Your job is to print, exactly, the lines in the data below from the line with "This fabric door" through the line with "Remains from Middle", both included, and to omit any picture.

Exercise material ::
────────────────

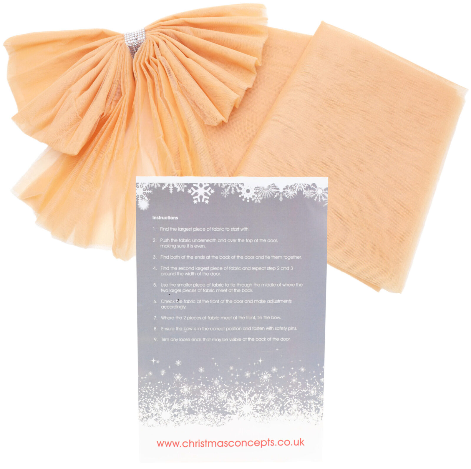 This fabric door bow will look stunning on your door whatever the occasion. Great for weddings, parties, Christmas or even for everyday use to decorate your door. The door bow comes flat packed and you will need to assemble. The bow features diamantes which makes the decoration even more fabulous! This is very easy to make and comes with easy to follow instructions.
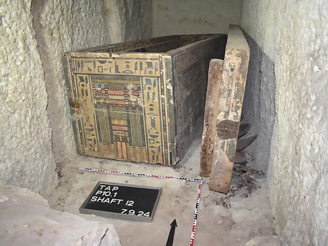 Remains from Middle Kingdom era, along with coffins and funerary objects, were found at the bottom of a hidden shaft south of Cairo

────────────────

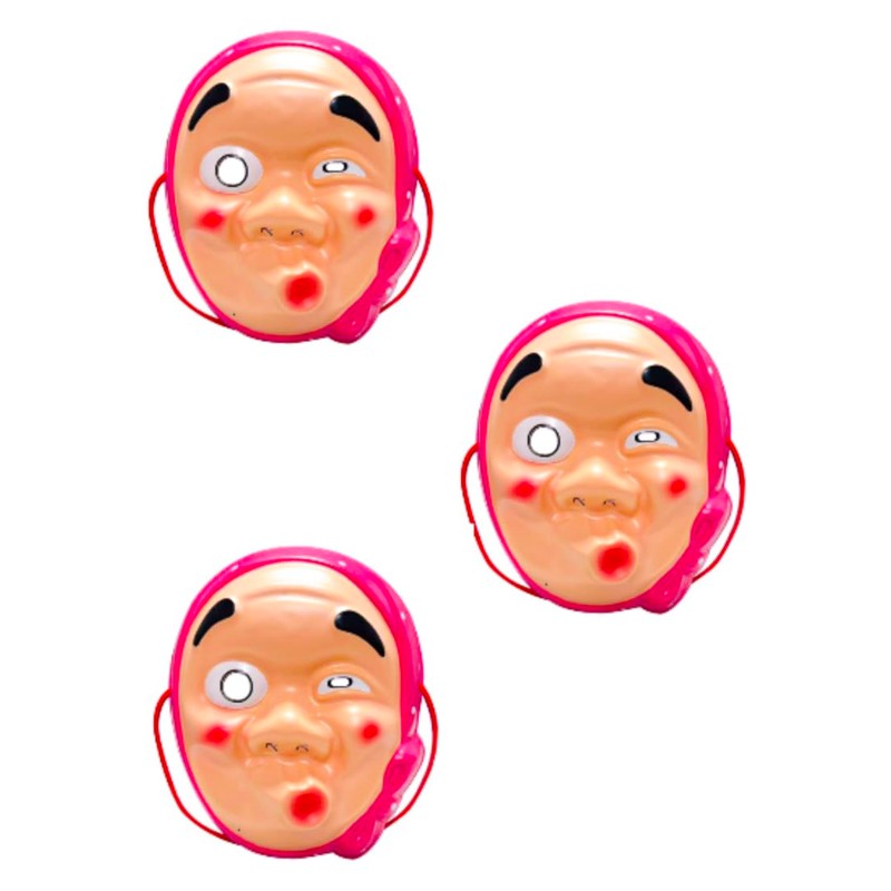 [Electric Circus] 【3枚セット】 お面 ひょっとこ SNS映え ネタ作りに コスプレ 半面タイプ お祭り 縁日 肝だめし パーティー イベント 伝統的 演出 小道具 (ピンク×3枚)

────────────────

Response for this exercise ::
 This fabric door bow will look stunning on your door whatever the occasion. Great for weddings, parties, Christmas or even for everyday use to decorate your door. The door bow comes flat packed and you will need to assemble. The bow features diamantes which makes the decoration even more fabulous! This is very easy to make and comes with easy to follow instructions.
 Remains from Middle Kingdom era, along with coffins and funerary objects, were found at the bottom of a hidden shaft south of Cairo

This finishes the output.